Il vero potere sembra essere in mano alla National Oil Company, il monopolio energetico del paese, che è palesemente collegato agli interessi dei monopoli internazionali. Basta leggere le dichiarazioni del Presidente della NOC, Mustafa Sanalla, a margine dell’accordo con Rosneft: «Abbiamo bisogno dell’assistenza e degli investimenti delle grandi compagnie internazionali del settore petrolifero al fine di raggiungere i nostri obiettivi di produzione e stabilizzare la nostra economia” e ancora: “L’impegno dimostrato da Rosneft e la presenza di una compagnia di queste dimensioni in Libia, aiuterà la stabilità della regione dopo molti anni di conflitti».
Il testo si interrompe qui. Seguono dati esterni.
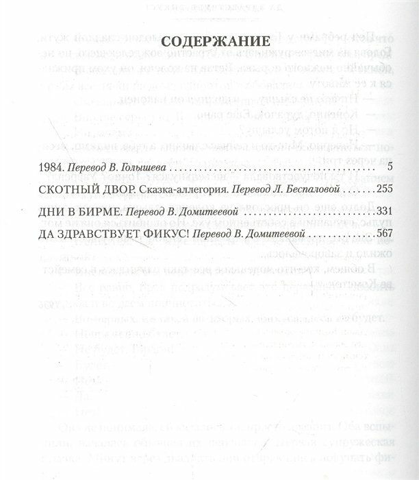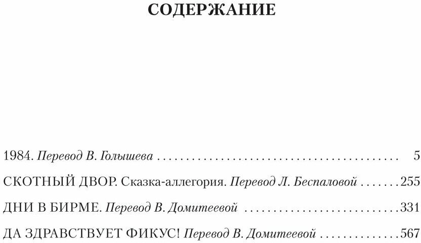 В настоящий сборник также включены знаменитая сатирическая сказка-притча «Скотный Двор» (1945), посвященная теме преданных завоеваний революции (позднее развитой в «1984»), автобиографический роман «Дни в Бирме» (1934) – жесткое и насмешливое обличение романтического мифа о европейской цивилизации, несущей свет колонизированным народам Востока, – и роман «Да здравствует фикус!» (1936), ироничное и печальное повествование о том, как поэт-неудачник Джон Комсток объявил войну Бизнес-богу, отказавшись жить ради денег, достойного социального статуса и других обывательских ценностей (символом которых он считал выставленный на подоконнике фикус), – и о том, к чему это привело.

La Libia è stata esclusa dall’accordo siglato recentemente dall’OPEC, il cartello internazionale dei paesi maggiori produttori di petrolio, riguardante la decisione di una riduzione collettiva della produzione di 1,8 milioni di barili al giorno, a partire dal primo gennaio. Inoltre, membri del board della NOC affermano che «oltre il 45% del territorio è ancora vergine, non è stato esplorato, quindi abbiamo ancora grandi territori da sfruttare con opportunità enormi». La produzione di petrolio prima della caduta di Gheddafi superava 1,6 milioni di barili al giorno. Con la guerra questo valore si è più che dimezzato e da qualche mese si attesta intorno ai 700 mila barili. Come affermato dal presidente del NOC, la compagnia è in cerca di finanziamenti dalle maggiori compagnie petrolifere internazionali, si parla di cifre dell’ordine dei 20 miliardi di dollari, per raggiungere un target produttivo di 2,1 milioni di barili al giorno entro il 2022.
In quest’ottica il Paese diventa una fonte di profitto eccezionale per i grossi monopoli del settore, assumendo un ruolo di primo piano nel conflitto interimperialistico internazionale.